U.S. and Canadian negotiators pushed ahead in grinding talks to rescue the North American Free Trade Agreement on Thursday, but a few stubborn issues stood in the way of a deal, including dairy, protection for media companies, and how to solve future trade disputes.

A U.S. source familiar with the discussions in Washington said it was still unclear whether the two sides could bridge their gaps or whether U.S. President Donald Trump will opt for a Mexico-only bilateral trade deal.

• North Korea’s Kim Jong Un has given his first time line for denuclearization, aiming for the end of U.S. President Donald Trump’s first term, Seoul officials said on Thursday, prompting thanks from Trump who said they would “get it done together”.

Kim and South Korean President Moon Jae-in will meet in Pyongyang on Sept. 18-20 for a third summit and discuss “practical measures” toward denuclearization, Moon’s national security adviser, Chung Eui-yong, said a day after meeting Kim.

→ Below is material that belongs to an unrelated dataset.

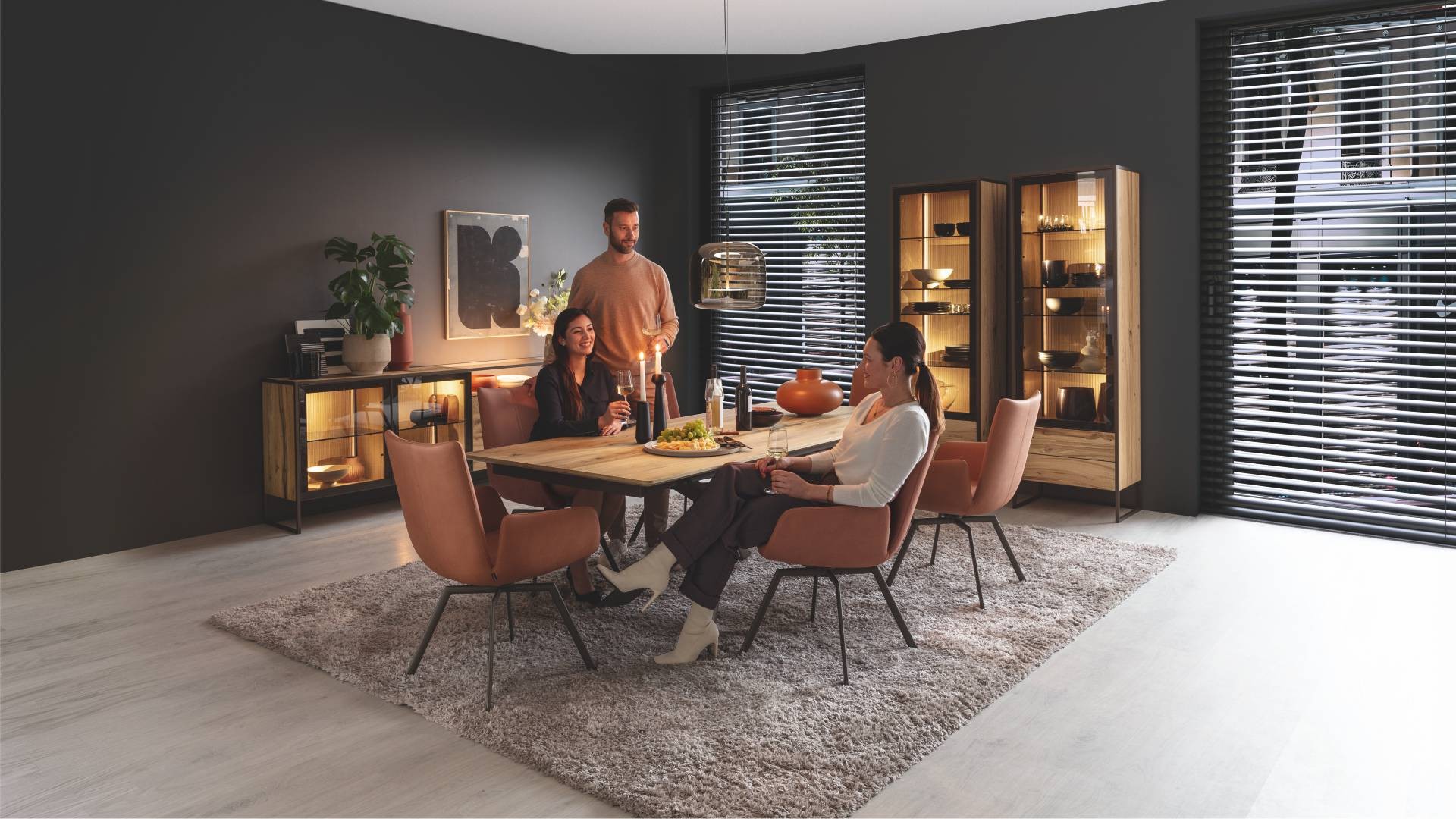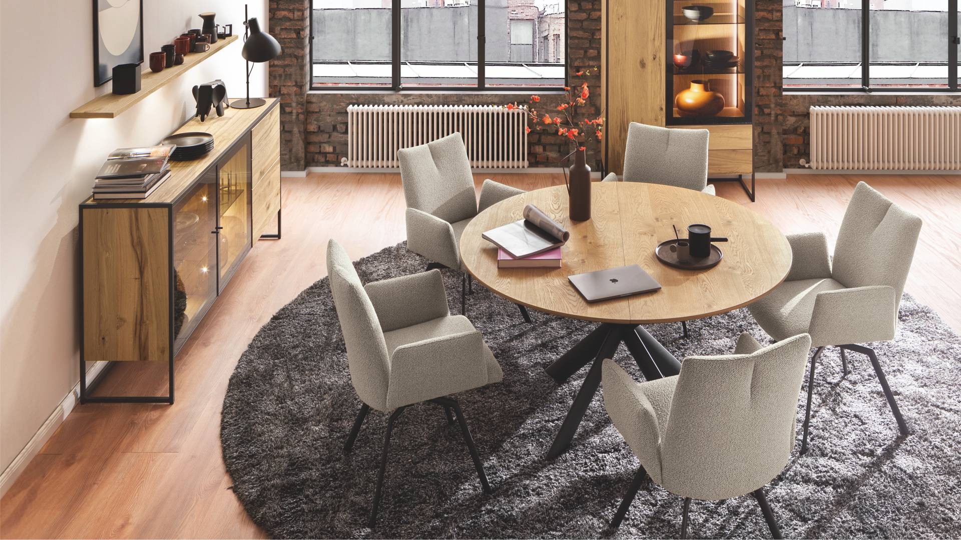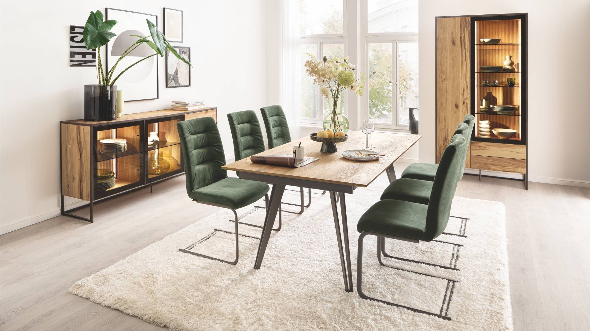 Scházíme se doma. Pro příjemnou atmosféru, která přináší pohodu tady a teď: S TAGENOU naši designéři dále vylepšili přirozenou krásu našeho nábytku. Zvláštní domácký pocit, který poskytují přírodní materiály, získává s TAGENOU osvěžující nový charakter. Protože touha po jídelně s otevřenou a vzdušnou atmosférou může být málokdy tak zcela uspokojena jako s individuálním kouskem z této řady. Díky tenkým kovovým rámům se exkluzivní jednotlivé kusy a kombinace téměř vznášejí. A dejte světlému dubovému dřevu dostatek prostoru, aby odhalilo svou přirozenou krásu. Smyslný zážitek, který je ještě umocněn zvýrazněnými povrchy s drážkovým vzhledem.

Kim told South Korean officials his faith in Trump was “unchanged” and that he wanted denuclearization of the Korean peninsula and an end to hostile relations with the United States before Trump’s first term ends in early 2021, Chung said.

But there was no indication that Kim had offered concrete steps toward giving up his nuclear arsenal, something some U.S. officials have said privately they doubt he is willing to do.

• Japan’s household spending rose 0.1 percent in July from a year earlier in price-adjusted real terms, government data showed on Friday, compared with economists’ median estimate of a 0.9 percent decline.

Japan’s household spending rose slightly in July after five straight declining months, offering policymakers some hope that a sustained economic recovery and a tight job market are making consumers more likely to spend.

• Crude futures reversed course, falling more 1 percent on Thursday after U.S. data showed gasoline inventories rose unexpectedly last week, overshadowing a bullish drawdown in crude.

U.S. West Texas Intermediate (WTI) crude CLc1 futures fell 95 cents to settle at $67.77 a barrel, a 1.3 percent loss. Brent crude LCOc1 futures lost 77 cents to trade at $76.50 a barrel, a 1 percent loss.

Earlier, both contracts had traded higher, encouraged by a weaker dollar and evidence of strong U.S. fuel demand.